Possibility number two is you were using Photoshop 7.0 before, and you've only recently upgraded to the version you're using now. 7.0 was a deeply flawed version of Photoshop, in which Adobe, during what I can only assume was the worst localized outbreak of mentally debilitating disease in modern history, tried to change the rules. That version treated TGA files differently from all other progams on Earth, both before and since. Adobe's experiment with 7.0 failed miserably, as not only did it screw up established work flow habits for thousands of users, it created files that were incompatible with most other programs, and that were riddled with internal problems of their own (see the Transparency Guide for more on this).
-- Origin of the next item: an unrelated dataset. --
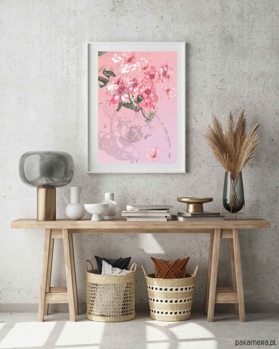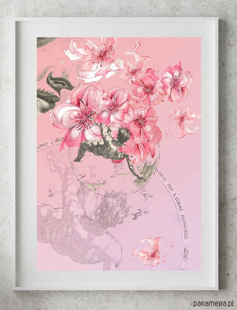 Plakat Collage Upadam w toń łapiąc za płatki piwonii róż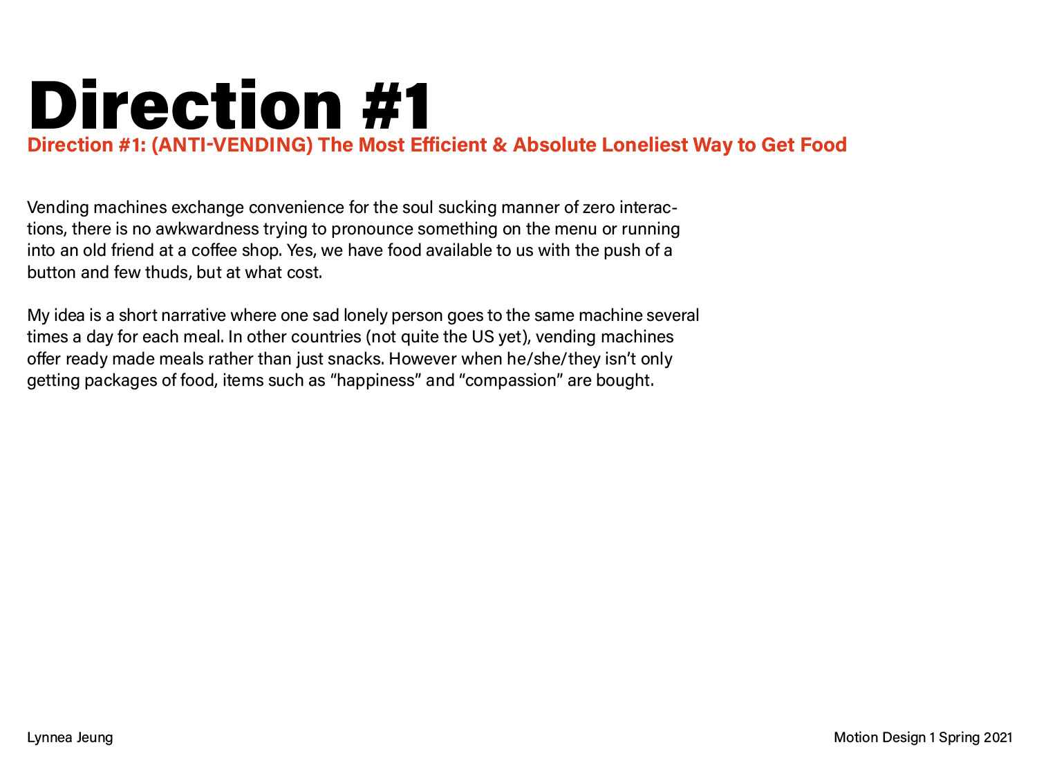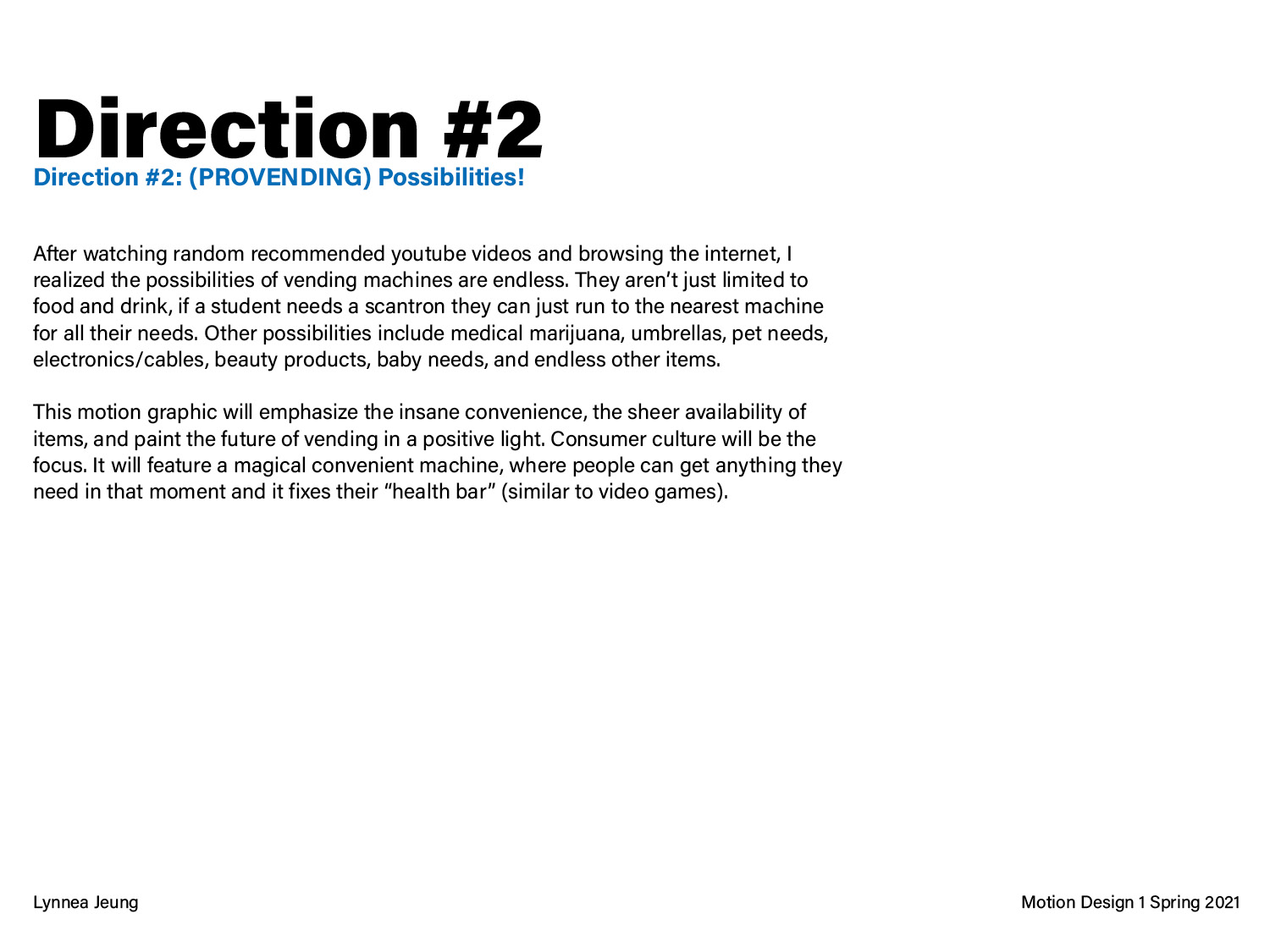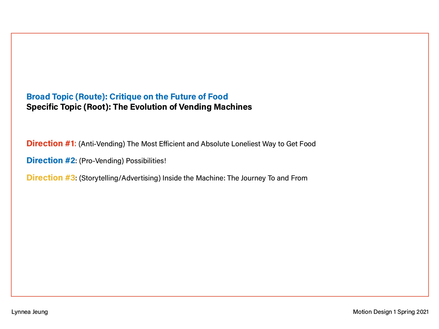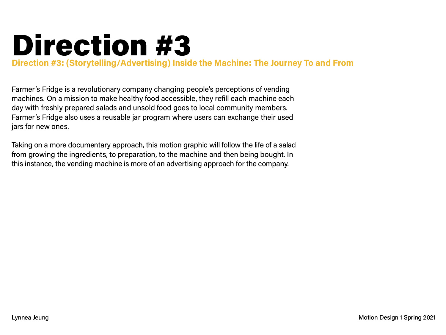 This pitch deck is for a 25-30 second motion graphic, getting to the “root” of a problem. I chose vending machines because I am interested in the food industry and how the pandemic is changing our eating habits. The three different directions are opposite perspectives on critiquing the future of food when vending machines evolve past just chips and snacks to offering all sorts of meals/items.

By a miraculous coincidence of development timing, SL happens to be able to read 7.0 TGA's, but many other programs cannot. Adobe patched 7.0 to 7.0.1 a few months later, and have rightly never gone back down that path again.
Now, all of the of the above assumes is or course only relevant if your question was indeed why don't alpha channels create transparency directly inside Photoshop. If what you actually meant was that alpha channels are actually disappearing from your files, then I have no idea what might cause that. All I could think to say would be uninstall PS and reinstall it. Maybe your current installation got borked.